本発明は、発色性、安定性および定着性に優れ、特にテキスタイル用インクジェット記録用インクとして優れるインクジェット記録用インクに関する。
インクジェット記録に用いられるインクは、被記録体である紙への印字において、にじみがないこと、乾燥性がよいこと、様々な被記録体表面に均一に印字できること、カラー印字等の多色系の印字において隣り合った色が混じり合わないことなどの特性が要求されている。

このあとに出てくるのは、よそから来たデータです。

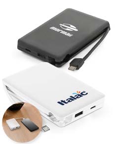 LATTES Bateria portátil em ABS 100 reciclado com cabo integrado e capacidade de 10 00 mAh

従来のインクにおいて、特に顔料を用いたインクの多くは、主に浸透性を抑えることで、紙表面に対するインクのぬれを抑え、紙表面近くにインク滴をとどめることで印字品質を確保する検討がなされ、実用化されている。しかしながら、紙に対するぬれを抑えるインクでは、紙種の違いによるにじみの差が大きく、特に様々な紙の成分が混じっている再生紙では、その各成分に対するインクのぬれ特性の差に起因するにじみが発生する。また、このようなインクでは、印字の乾燥に時間がかかり、カラー印字等の多色系の印字において隣り合った色が混色してしまうという課題を有し、更に、顔料を用いたインクでは、顔料が紙等の表面に残るため、耐擦性が悪くなるという課題もある。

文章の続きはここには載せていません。